Ginger Molasses Pumpkin Bread

Makes 12 mini-loaves + 12 muffins. Recipe can be halved for smaller batch.

Tip: Clearly, autumn is just around the corner. “Pumpkin Spice” is showing up everywhere, from coffee creamer to scented candles to oil changes for your car! 😀 Jump on the bandwagon and enjoy a delicious seasonal flavor when you bake this quickbread!

Buttercream/Cinnamon Glaze
1 cup (2 sticks) unsalted butter, at room temperature
4 cups powdered sugar
1 Tbsp lemon juice
1-2 tsp heavy cream (more as needed for texture)
1-2 tsp cinnamon (to be added later before drizzling over bread)
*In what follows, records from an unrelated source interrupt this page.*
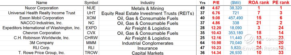 1. CVX and XOM, you probably also know that we are in general bullish about energy stocks. And the fact that both CVX and XOM made it to the top 10 list of this screening adds another piece of data point to their attractiveness.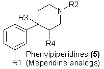 Meperidine [5, R1 = H, R2 = CH3, R3 = CO2C2H5, R4 = H] is a broadly used clinical drug with clear morphine-like properties, which serves to define this family. It was first prepared25 in a search for atropine substitutes. Its potency is somewhat less than that of morphine26, but it maintains the dependency liability acid several other. of the clinically undesirable properties of morphine. As noted in both morphinan and the benzomorphan families above, it is through modification of the substituent on the nitrogen that a broad expansion of potency has been noted in the meperidine group. An excellent structure-activity relationship study of these compounds has been prepared6, with some potencies many thousands that of morphine having been reported. Meperidine itself has been shown to be cross-tolerant with heroin both physiologically and psychologically27 and there is no reason not to expect its more potent but uncontrolled analogs to be similar. A quotation from a recent textbook is timely28: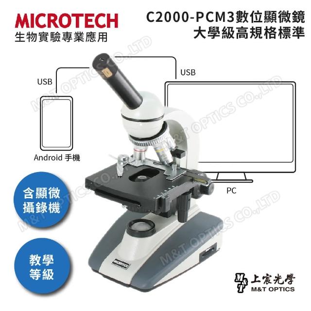 知名品牌MICROTECH C2000-PC數位顯微鏡電腦螢幕即看即拍! 總代理公司貨品質有保障! ? ?附電腦用顯微數位攝影裝置,最大畫面達1280 x 1024,電腦螢幕上即時呈現顯微世界,大人小孩都輕鬆愉快!並可直接拍攝或錄影,做紀錄寫報告方便無比。?採用大學級生物科教學高規格標準而設計的優秀機型。?新式主流全鋁合金鑄造鏡身,堅固耐用,外型優美。?人性化貼心設計、操作簡便、 保養容易、延長使用期限。?適用年齡8歲~80歲,老少咸宜,悠遊顯微世界。?配備完善,一應具全,免除升級煩惱 (詳見規格配備說明)。 ? 使用於動植物細胞組織觀察、病理切片觀察、水質檢驗、生命科學實驗。 PC130NEW數位顯微攝錄機 ? 安裝簡單,換下目鏡直接插上,採用USB2.0介面傳輸。影像可調整亮度、對比度、飽和度、色度、伽瑪、清晰度,含動靜態測量功能。在電腦上可直接看到影像,及拍照和錄影功能。通用一般23/30mm的目鏡筒規格。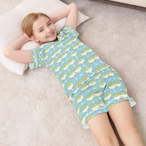 senya Mini Frog Satin Summer Pajama Sets Silk Short Sleeve Button Down Sleepwear 6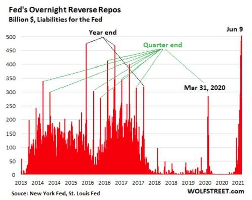 Guardate questa immagine, la quale mette in prospettiva il livello folle di utilizzo della facility di reverse repo della Federal Reserve la sera del 10 giugno: 534,34 miliardi, primato assoluto. E attenzione, perché il grafico mostra qualcosa di più: tutti i precedenti picchi di utilizzo erano coincisi con scadenze di fine anno o trimestre, legate quindi a necessità reali e tecniche di accantonamenti da parte delle banche per oneri fiscali o di altra natura. Oggi siamo nel pieno di un trend che dura da 10 giorni e la fine del trimestre dista ancora venti giorni: capite da soli, intuitivamente, che qualcosa di serio non va.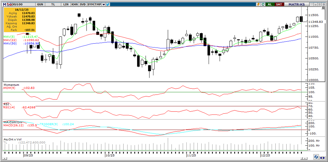 Günaydın. Küresel tarafta zayıf görünüm sürüyor. Zayıf ABD istihdam verilerine karşın Fed’den ilk faiz indirim adımı halen Haziran ayında beklenmekte. Fed üyelerinden gelen son mesajlarda da enflasyon risklerine ve 2026’da hedef üzeri verilerin devam edebileceğine işaret edildi. ABD - Venezuella arasındaki gerginliğin artması, Çin ve Rusya’nın Venezuela’dan yana tavırları da Jeopolitik risk algısında artışa neden oluyor. ABD ve Avrupa borsalarında dün yaşanan satışların ardından vadeli endeks kontratları bu sabah da negatif bölgede. Borsa İstanbul’da da dün zayıf bir seyir yaşanırken BIST 100 Endeksi %0,94 geriledi ve 11.348 seviyesinden kapandı. Endekse en fazla pozitif katkı sağlayan ilk beş şirket TURSG, TRALT, MAGEN, KRDMD, AKBNK olurken, son bir haftada düzenli para girişi ile dikkat çeken şirketler ise AKBNK, KRDMD, YKBNK, MGROS, BIMAS, FROTO, MAVI, KCHOL ve CCOLA oldu. Para girişi devam eden endeks ağırlığı yüksek şirket sayısının artış göstermesini olumlu ve sağlıklı buluyoruz, ancak devam edip etmeyeceği izlenmeli. Teknik açıdan 11.470 ve 11.605 seviyeleri direnç, 11.070 / 11.150 bandı ise destek alanı olarak takip edilebilir. Uzun vadeli değerlemeler ise BIST 100 endeksi için 12 aylık vadede 15.500 civarına işaret ediyor. Ancak, siyasi risklere ilişkin kaygıların devam ettiği bir dönemdeyiz. Bu nedenle, kantitatif analizlerle erişilen hedeflerin kalitatif yaklaşımlarla törpülendiği, bunun da endeksi frenlediği bir süreçteyiz. Günün ajandası sakin. Avrupa’da TÜFE verileri nihai revizyonu dışında önemli veri yok, bu verilerde de bir değişiklik beklenmiyor. Türkiye beş yıl vadeli CDS primlerinde gerileme devam ediyor. CDS’ler bu sabah 214 baz puanda.

Whip butter in mixer with a paddle attachment. Add powdered sugar, one cup at a time, beating continuously. Add lemon juice and continue beating until fluffy. Gritty texture will turn creamy as the frosting is beaten (this may take several minutes). Add a few drops of cream as needed to change the texture to your liking. Store covered in refrigerator until quickbread is baked and cooled. See further directions below…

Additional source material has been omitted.